SSDs: A Guide To Using Flash In The Datacenter
With the price of SSDs rapidly declining, it's tempting to put them in every new server or storage system. Not so fast.
February 14, 2014
Silicon is the darling of the storage world: Out with spinning disks, in with flash chips. There is a lot to like about solid-state storage. It offers faster I/O, lower latency and power consumption, and instant-on from sleep states for lightning-fast access to cold data, all from smaller components easily adapted to a variety of form factors. Indeed, flash memory's miniscule use of space and power are a key enabler of mobile devices and the reason SSDs are displacing HDDs in most laptops.

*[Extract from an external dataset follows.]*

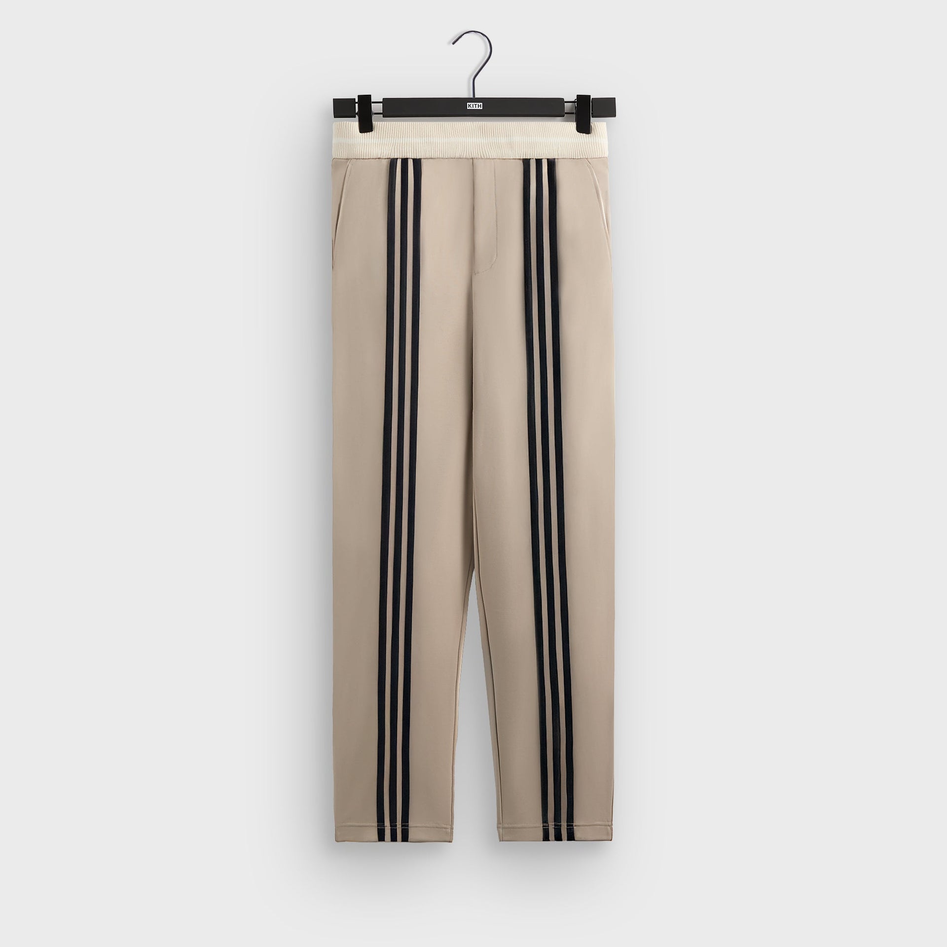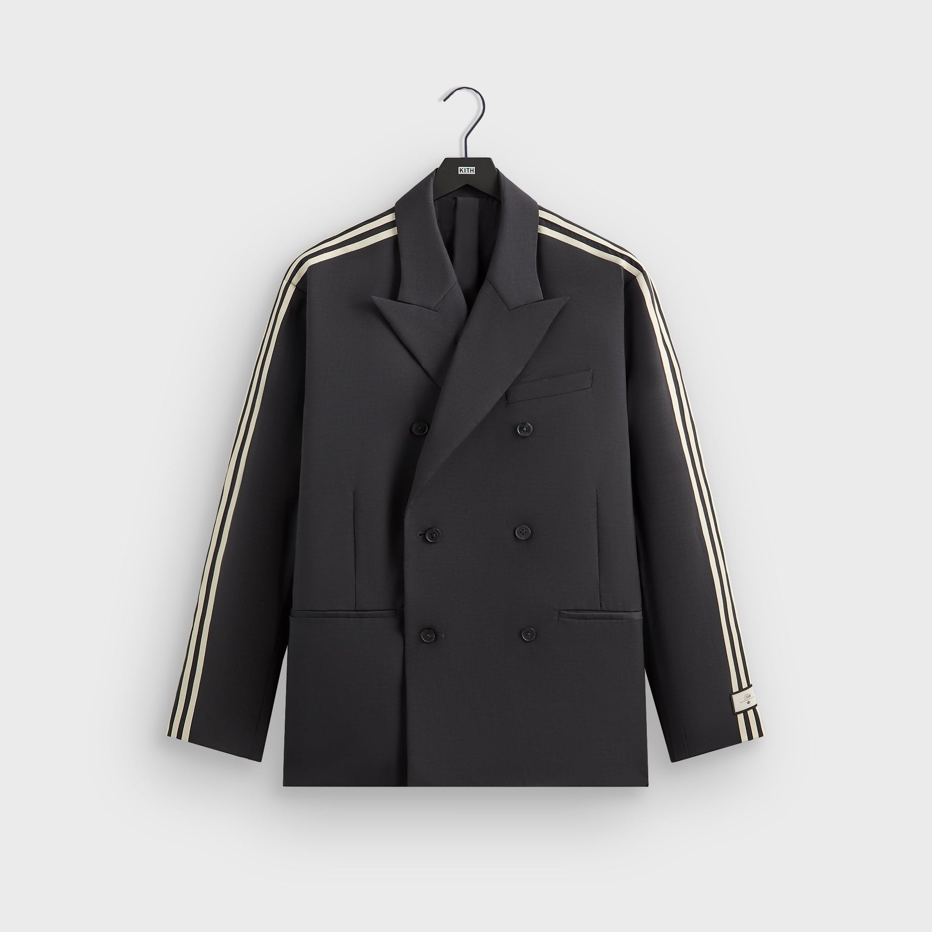 アパレルには、アディダス のシグネチャーストライプとラップアラウンドベルトをあしらったレザーのスタジアムコート、プレミアムウール混のテーラードスーツジャケット&パンツ、カスタムニットのディテールをあしらったベージュとグリーンのadidasトラックスーツ、ESPN のブランドロゴを落とし込んだフットボールジャージなどが並ぶ。

But in datacenters, where storage requirements are measured in petabytes, not terabytes, flash must be used opportunistically. Despite the claims of some solid-state proponents, the all-flash datacenter is still years from becoming a reality, as described in InformationWeek's 2014 State of Storage report. But the price per bit differential between flash and disk is narrowing, albeit from a very wide gap, meaning it's rational and economical to use SSDs in more and more applications.
There are four major categories of flash product: server-side PCIe cards and SSDs, hybrid flash-HDD storage arrays, and all-flash systems using either SSDs or proprietary memory cards. The State of Storage survey found that 40% of respondents make use of SSDs in arrays, up 8 points since 2013.
However, all-flash arrays are still a niche, deployed by only 16%, with a mere 3% using them extensively. Thirty-nine percent of respondents use solid state in servers, up 10 points, with the vast majority (83%) opting for SSDs over PCIe adapters. But server deployments are still selective, with almost two-thirds of respondents using solid state in no more than 20% of their servers.